Children with mental retardation may learn to sit up, to crawl, or to walk later than other children, or they may learn to talk later.[3] Both adults and children with mental retardation may also exhibit some or all of the following characteristics:[3]
- Delays in oral language development
- Deficits in memory skills
- Difficulty learning social rules
- Difficulty with problem solving skills
- Delays in the development of adaptive behaviors such as self-help or self-care skills
- Lack of social inhibitors
Children with mental retardation learn more slowly than a typical child. Children may take longer to learn language, develop social skills, and take care of their personal needs, such as dressing or eating. Learning will take them longer, require more repetition, and skills may need to be adapted to their learning level. Nevertheless, virtually every child is able to learn, develop and become a participating member of the community.
In early childhood, mild mental retardation (IQ 50–69, a cognitive ability about half to two-thirds of standard) may not be obvious, and may not be identified until children begin school.[3] Even when poor academic performance is recognized, it may take expert assessment to distinguish mild mental retardation from learning disability or emotional/behavioral disorders. People with mild MR are capable of learning reading and mathematics skills to approximately the level of a typical child aged 9 to 12.[3] They can learn self-care and practical skills, such as cooking or using the local mass transit system.[3] As individuals with mild mental retardation reach adulthood, many learn to live independently and maintain gainful employment.

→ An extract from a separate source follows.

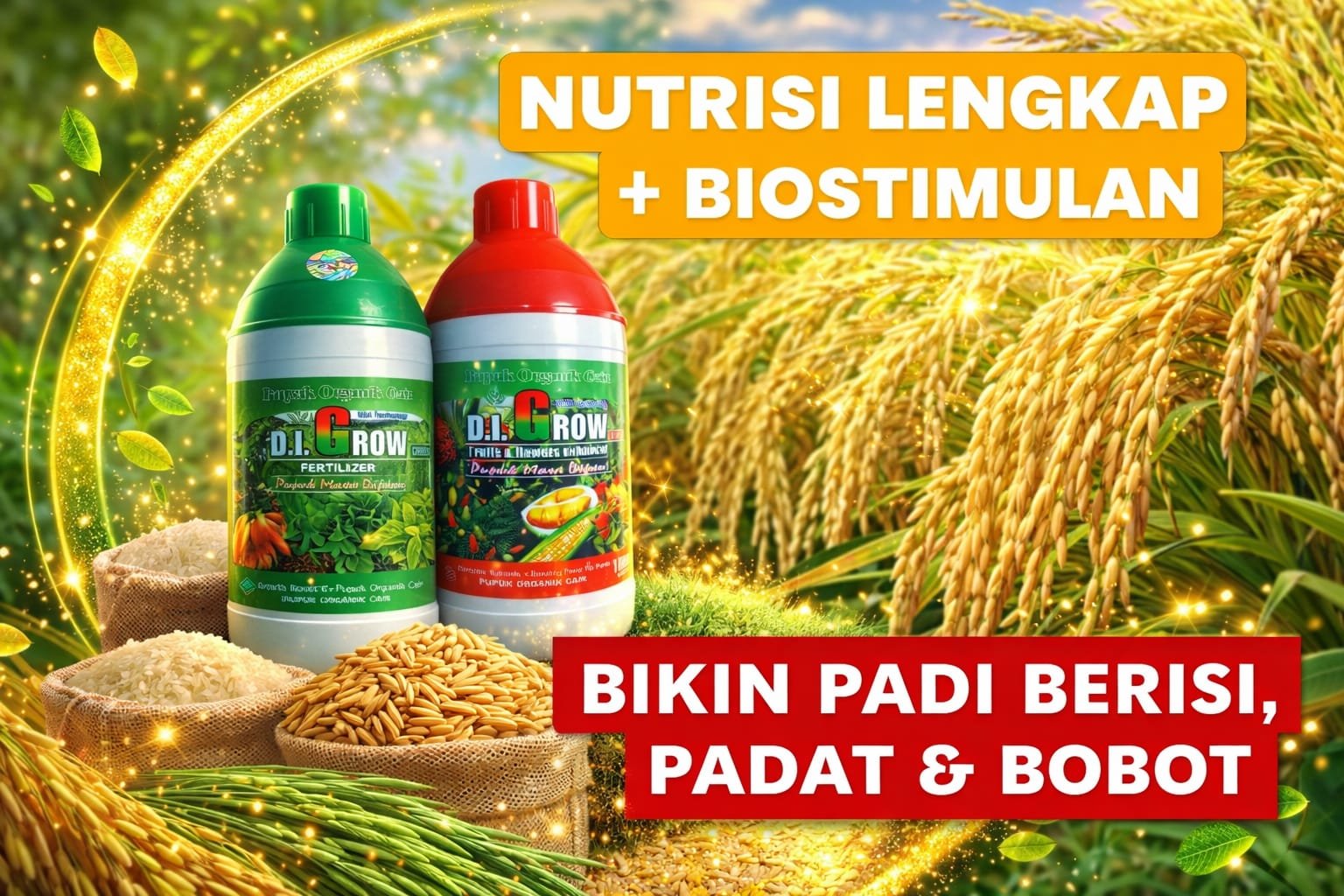 Pemanfaatan pupuk organik DIGROW yang berbasis nutrisi lengkap dan biostimulan (ZPT, Asam amino , Asam Algina, asam fulvat dan humic Acid) dapat menjadi salah satu strategi budidaya modern untuk meningkatkan produktivitas dan kualitas hasil panen padi secara berkelanjutan.

Moderate mental retardation (IQ 35–49) is nearly always apparent within the first years of life. Speech delays are particularly common signs of moderate MR.[3] People with moderate mental retardation need considerable supports in school, at home, and in the community in order to participate fully. While their academic potential is limited, they can learn simple health and safety skills and to participate in simple activities.[3] As adults they may live with their parents, in a supportive group home, or even semi-independently with significant supportive services to help them, for example, manage their finances. As adults, they may work in a sheltered workshop.[3]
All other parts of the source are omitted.